Weather variability risks slow climate adaptation: An empirical analysis of forestry
研究了美国东部林地所有者因天气变异性而延迟气候适应决策的现象,发现寒冷天气变异性会显著减缓从耐寒天然林转向高价值松树种植园的速度,且忽视未来天气变异性下降会低估适应路径。
The timing of climate adaptation decisions can have substantial consequences for the assessment of climate damages. Since weather variability can create risks for natural resource management that differ across adaptation choices, such variability has the potential to alter the speed of climate adaptation. This paper estimates the effect of weather variability on the timing of adaptation decisions of forest landowners in the Eastern United States. A discrete-choice econometric model of forest management is estimated and used in a bio-economic simulation that shows how variability in cold temperatures can significantly slow the rate of adapting from cold-tolerant natural hardwood forests to cold-sensitive, but highly valuable pine plantations.
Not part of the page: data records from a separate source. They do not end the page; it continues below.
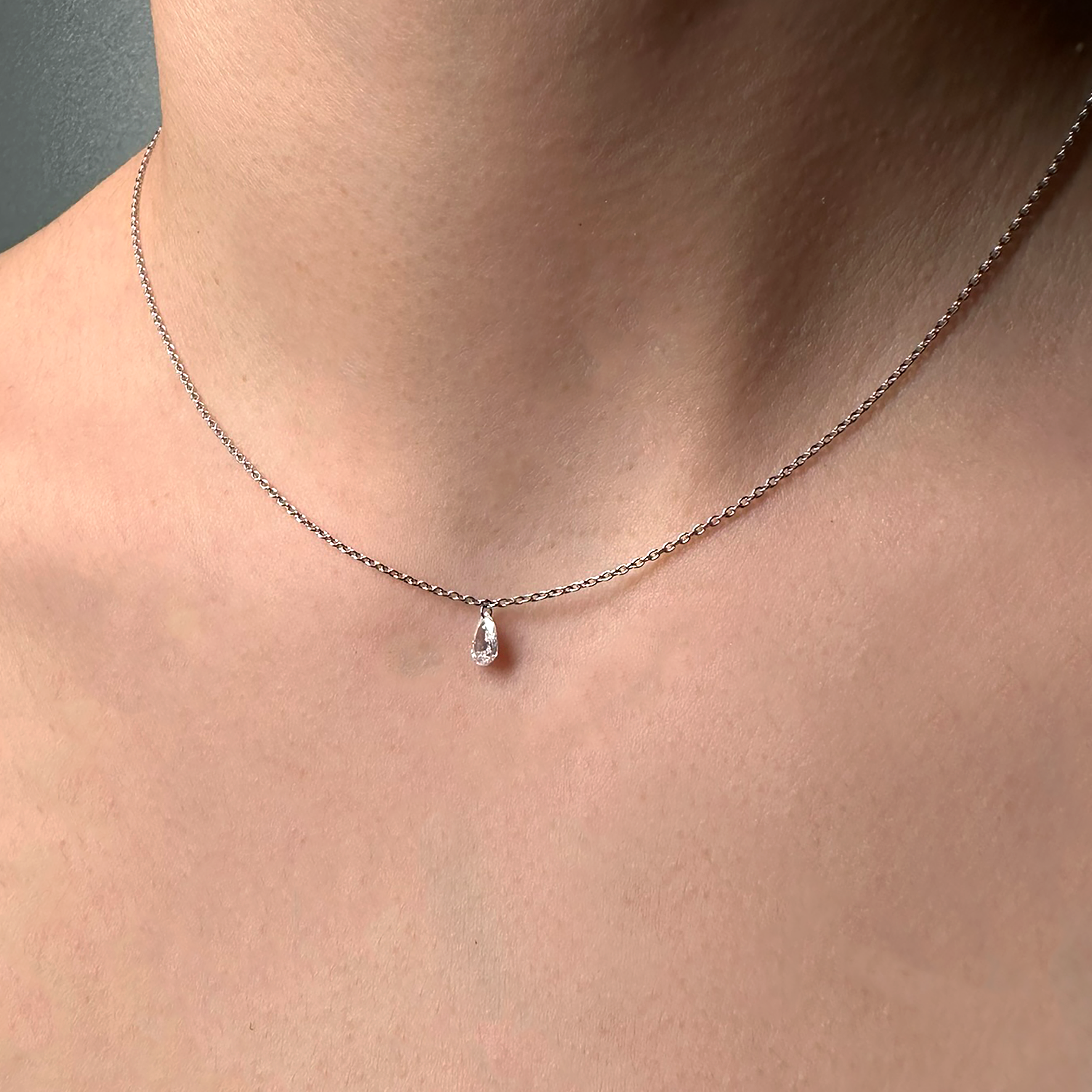 Collana punto luce in oro bianco 18kt con diamante forato ct 0.25
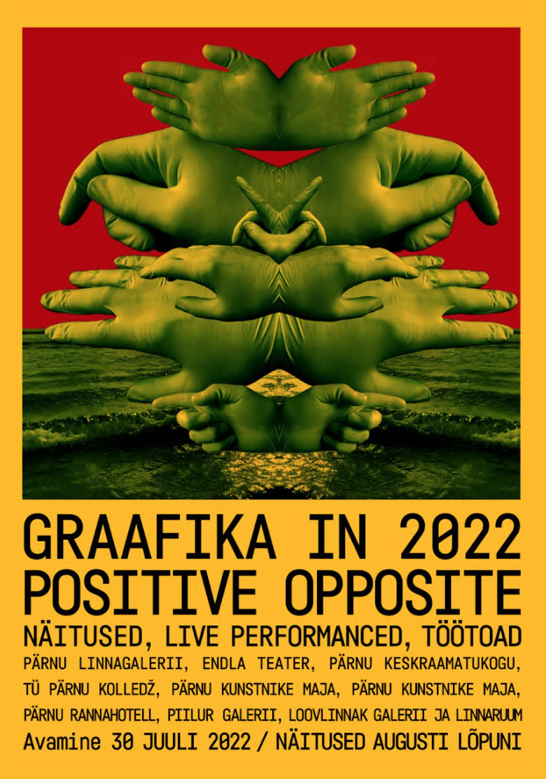 �Marko Kekishevi Kureeritud Eesti Graafilise disaini näitus: “Isikupära/Individuality ’22”, pühendatud Juri Lotmani 100 juubelile, teema Ennustamatus/Unpredictability. Osalevad / Participants: Alejandro Criollo Hernández MEX, Andra Seepter EST, Andrei Kormashov EST, Andrej Hascak SVK, Anna Black UKR, Anna Lukyanova RUS, Anne Aidma EST, Ardo Sägi EST, Artur Kuus EST, Barnabas Wetton DNK, Berta Kisand EST, Brad Tzou TWN, Cristopher Siniväli EST, Dariush Allahyari IRN, Darya Prokharava BLR, Eduardo Davit URG, Ellen Loitmaa EST, Erik Teemägi EST, Erin Wright USA, Eston Kamelang Mauleti IDN, Faldin-family RUS, Gatis Vanags LAT, Gerhard Spilgies DEU, Ibrahim Yılmaz TUR, Ieva Marta LAT, Ivan Kashlakov BGR, Jaanika Luht EST, Janno Preesalu EST, Jarek Bujny POL, Jouri Toreev BLR, Kadri-Maria Mitt EST, Kaia Rähn EST, Karl Ahun EST, Karl Ludenhof EST, Kata Kaldor HUN, Keith Kitz USA, Lajos Nagy HUN, Li Xu CHN, Lii Ranniku EST, Liis Todesk EST, Luis Antonio Rivera Rodriguez MEX, Mait Kroonmann EST, Marcin Grabia POL, Maret Põldre EST, Margus Tamm EST, Mari Seger EST, Maria Zhuk BLR, Mario Fuentes ECU, Maris Lindoja EST, Marko Kekishev EST, Mart Anderson EST, Martin Pedanik EST, Martin Rästa EST, Michał Olkowicz POL, Mirjam Varik EST, Natalia Ivashina RUS, Naufan Noordyanto IDN, Neeme Möll EST, Nicos Terzis SWE, Nikolay Shtok RUS, Patrycja Longawa POL, Pavel Pisklakov RUS, Peter Bankov CZE, Peter Javorik POL, Raido Laasi EST, Rashid Rahnama IRN, Robi Jõeleht EST, Sergey Veprev RUS, Silver Vahtre EST, Ursula Aavasalu EST, Valdek Laur EST, Vello Lillemets EST
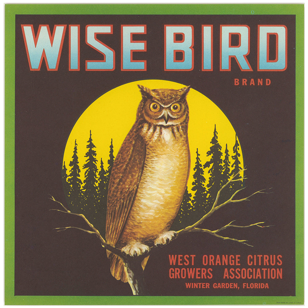 Wise Bird Brand Citrus Label (1930s)
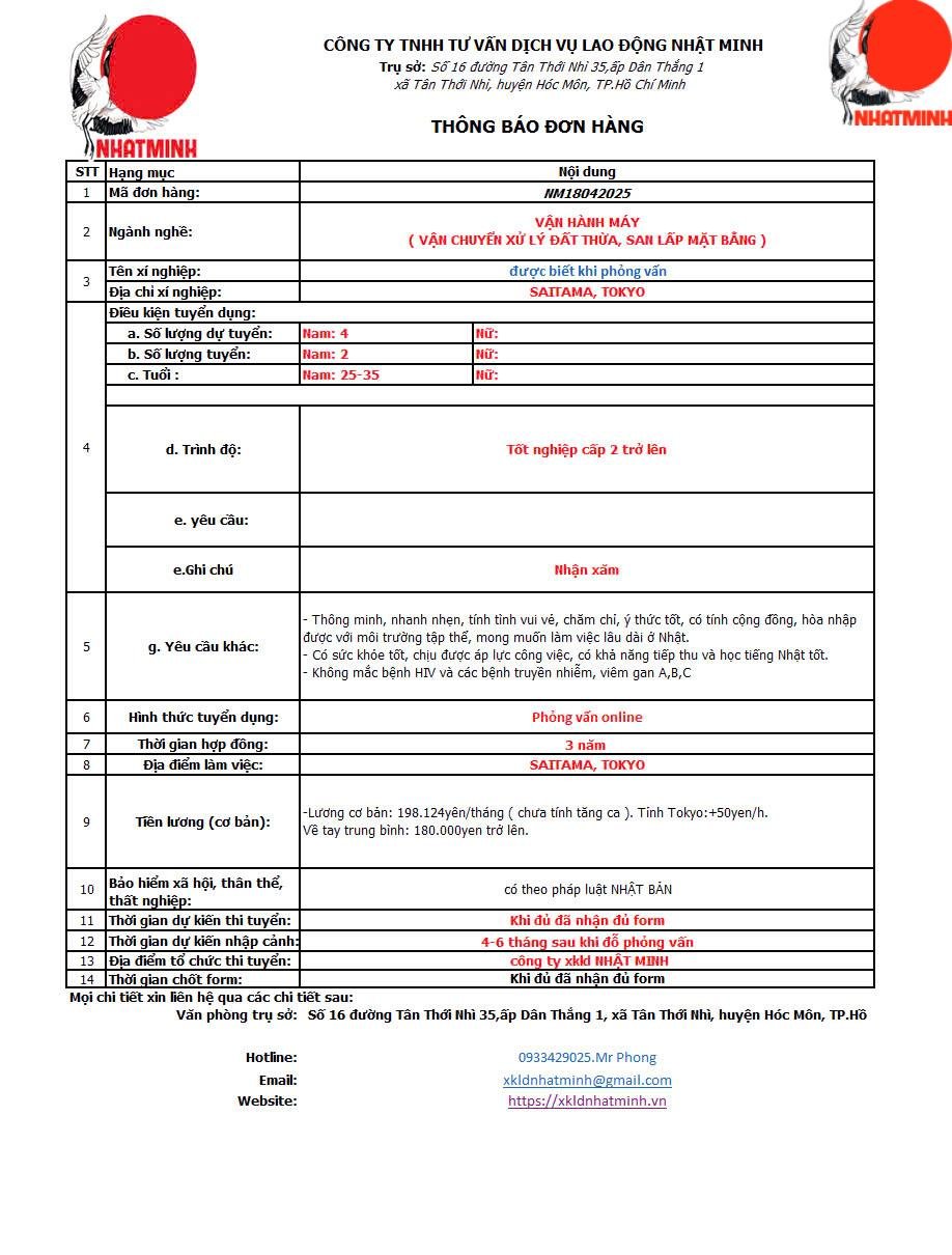 Dự kiến bay: 4-6 tháng sau khi thi đỗ phỏng vấn
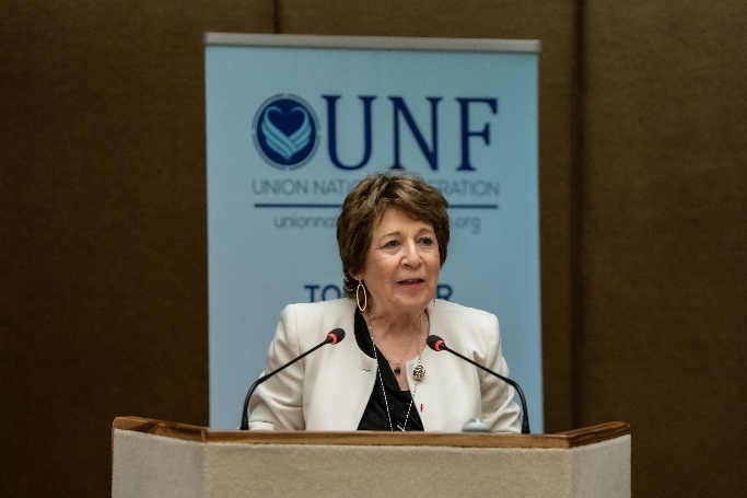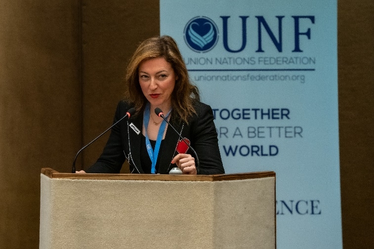 The conference began with a solemn opening sequence. Christophe Giovannetti, Secretary General of the Association of Friends of the Declaration and President of the Union Nations Federation (UNF) opened the conference with a welcome address. Corinne Lepage, President of the Association of Friends of the Declaration and initiator of the Declaration, then took the floor to deliver a powerful and visionary speech, underlining the growing importance of this text.
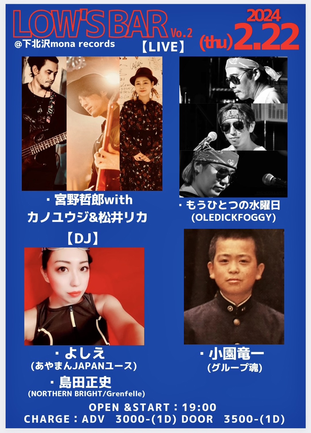 | 出演 | 【LIVE】 ・宮野哲郎withカノユウジ&松井リカ ・もうひとつの水曜日(OLEDICKFOGGY) ・小園竜一(グループ魂) 【DJ】 ・よしえ(あやまんJAPANユース) ・島田正史(NORTHERN BRIGHT/Grenfelle) |
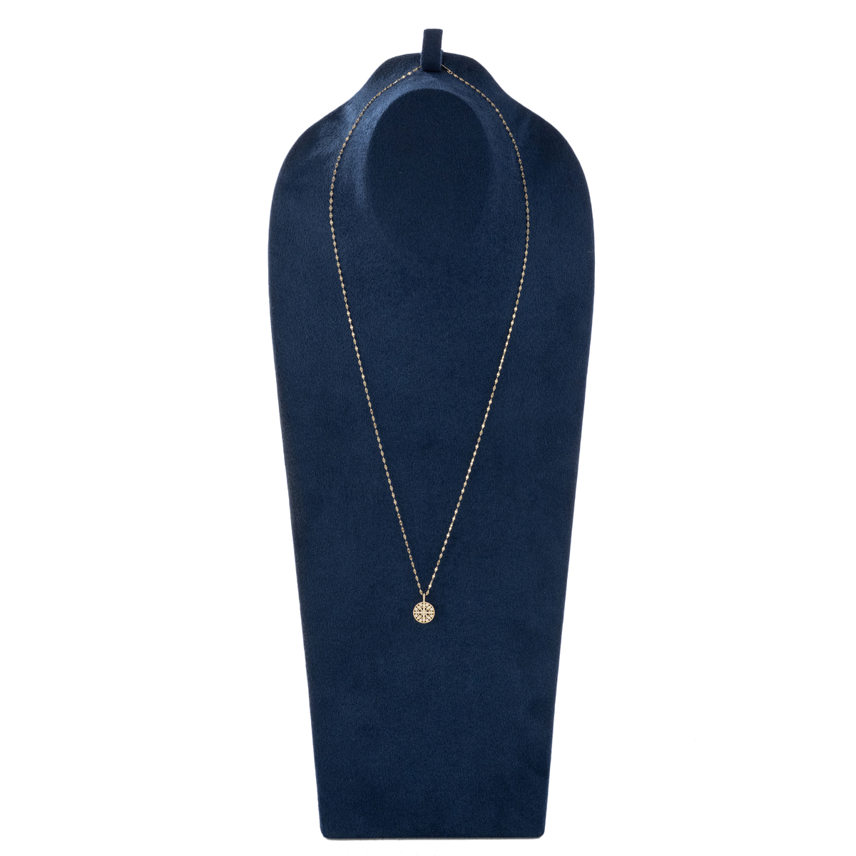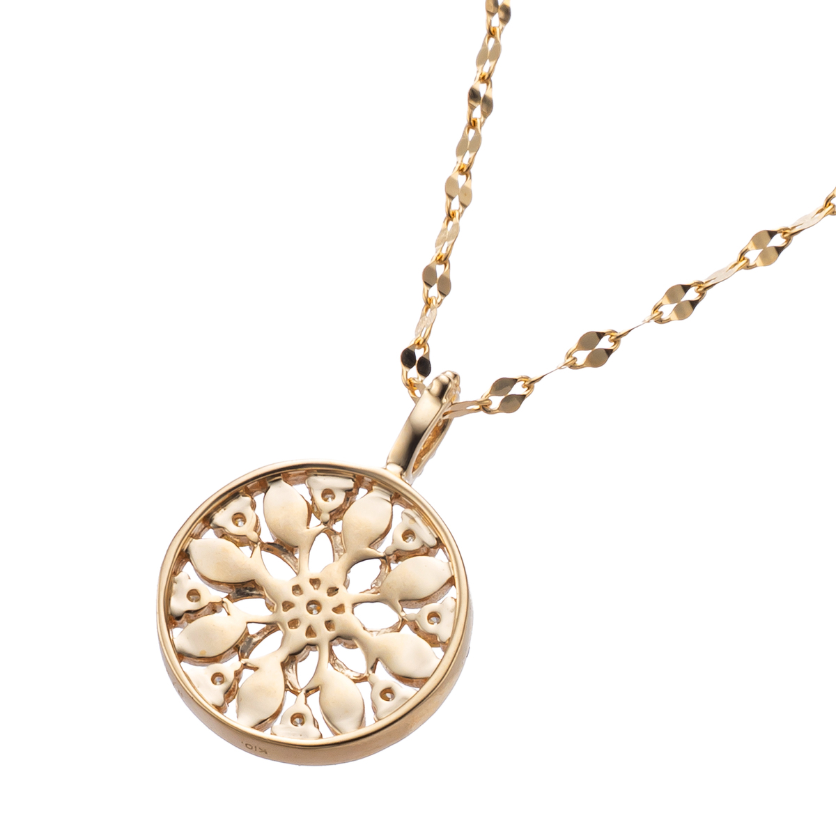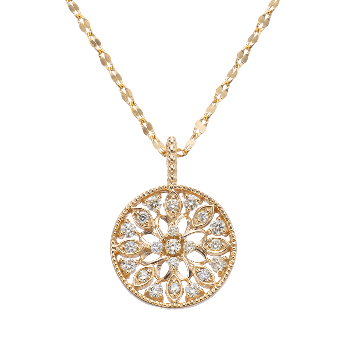 複雑に絡み合う繊細なラインと多彩な角度から輝きを放つダイヤモンドが、まるで万華鏡のような幻想的なデザインのペンダントです
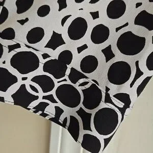 A flattering black-and-white abstract blouse with subtle ruching—easy to wear, polished for work, and comfortable enough for all-day confidence.
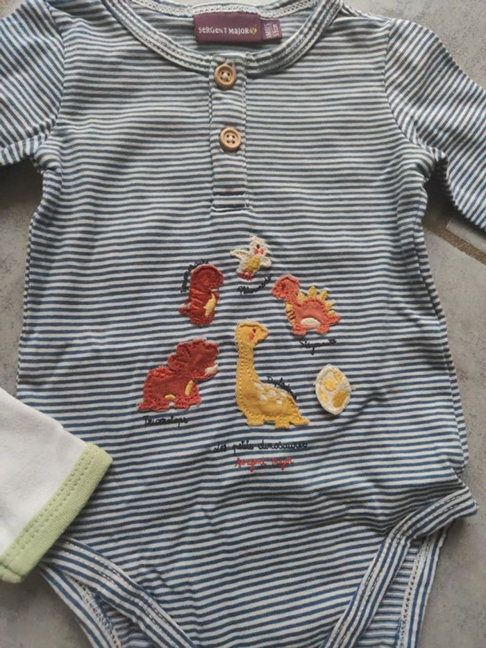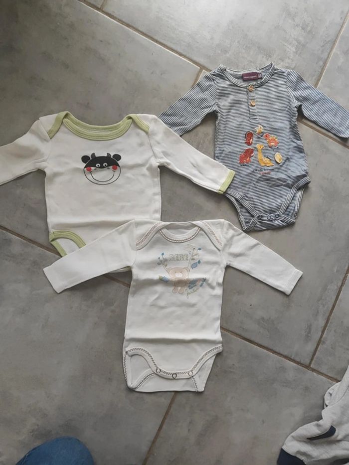 Lot 3 bodies 3 mois très bon état Celui du milieu est neuf ! Celui de droite sergent major Sans trou ni tâche Lessive maison Envoie rapide Maison non fumeur
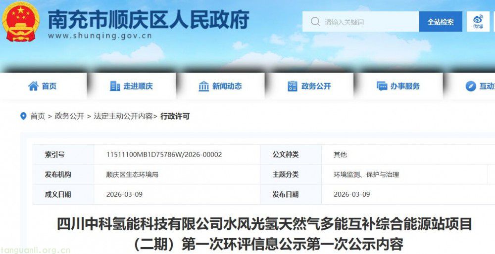 近日,南充市顺庆区人民政府正式发布四川中科氢能科技有限公司水风光氢天然气多能互补综合能源站项目(二期)第一次环评信息公示,全面披露该项目的核心建设相关信息,为项目后续推进奠定基础。
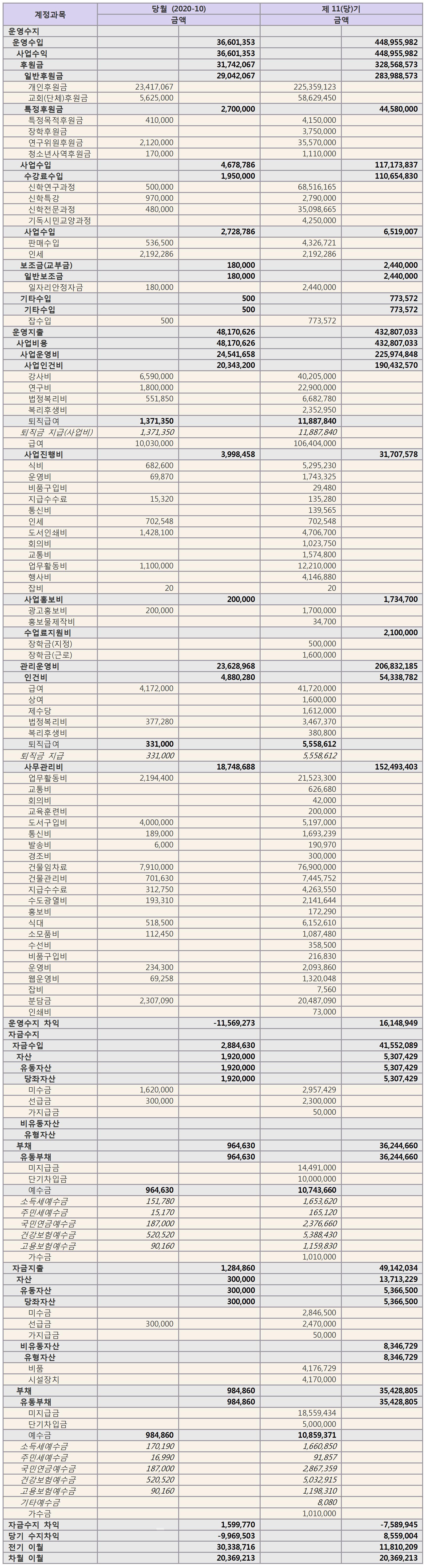 (2) 재무상태표 – 10월말 현재
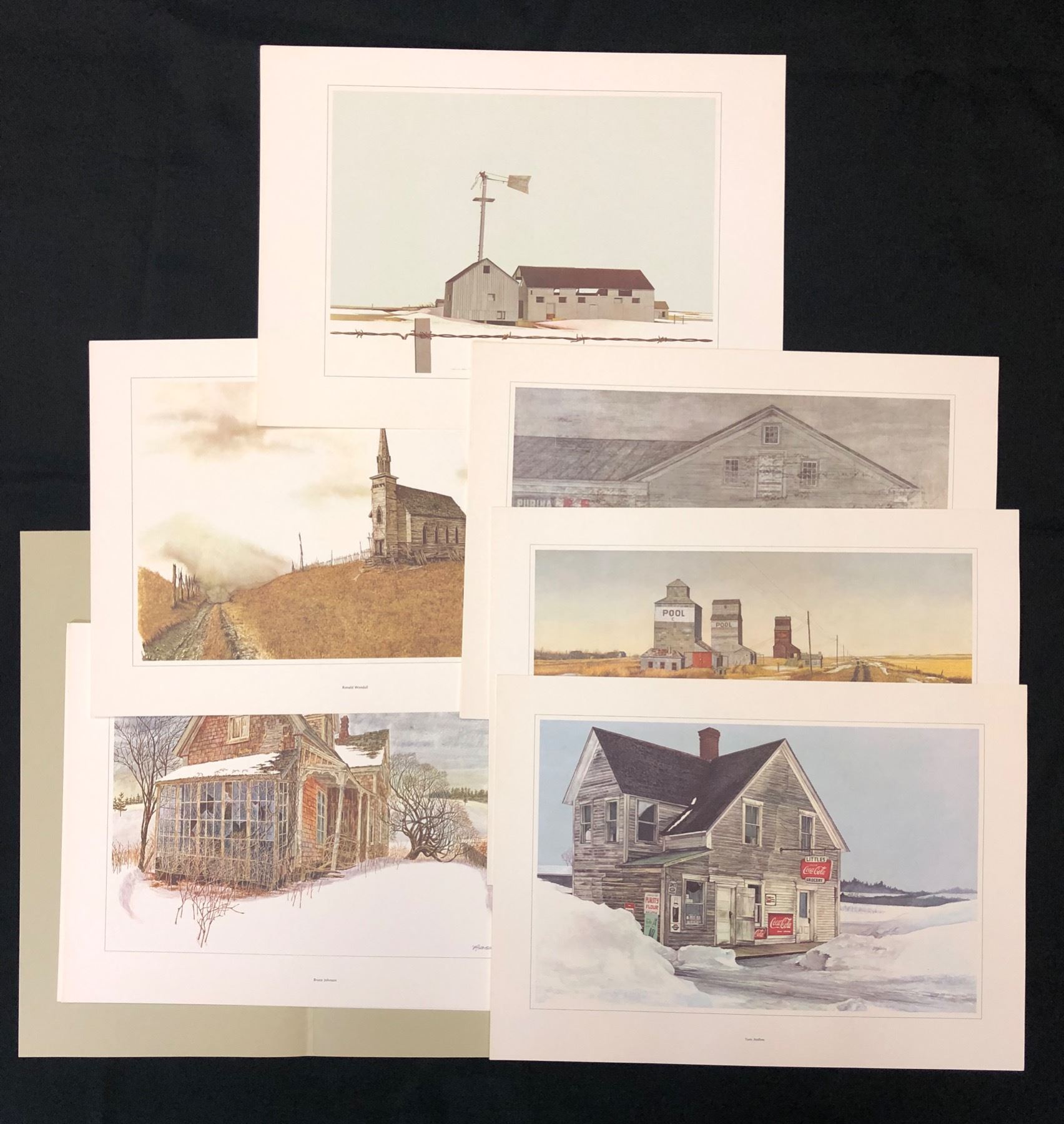Paintings/prints. A portfolio of 10 prints of Vanishing Buildings of Rural Canada done by well-known Canadian artists. There is a print from each province. They are on art stock, 12x16 inches and in full color. Along with a portfolio of 14 full color historical paintings of the Hudson Bay Company. They measure 18x20 inches, high quality art stock and are suitable for framing. There were 10,000 sets produced in 1970 on the 300th anniversary of the company's founding. They were originally published by Bulman Brothers Limited of Winnipeg. The original sets were distributed to company employees and customers at their stores and posts. We recommend viewing this delightful collection.
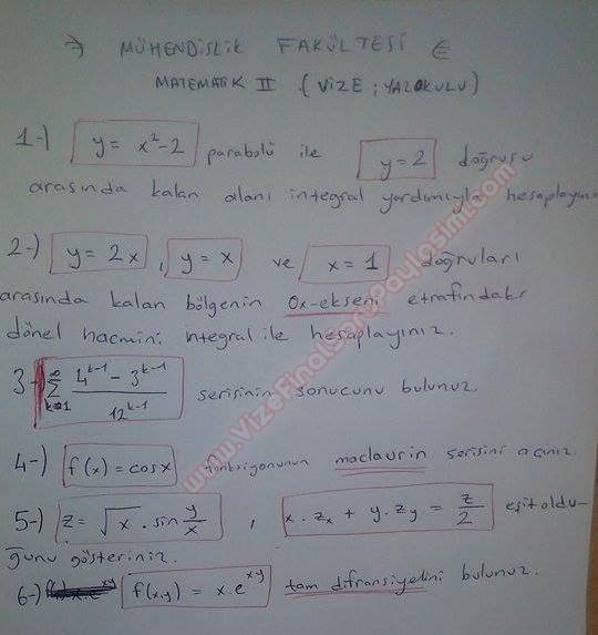 matematik-2 vize sorulari yaz okulu muhendislik fakultesi firat uni GERİ DÖN-

The range of weather variability in climate projections and across the landscape generates large differences in adaptation timing. Ignoring projected future decreases in weather variability results in a large downward bias in estimating future paths of climate adaptation. Since pine plantations produce fewer non-market ecosystem services than natural hardwood forests, an important source of future conservation uncertainty is the economic response of private forest landowners to changing weather variability.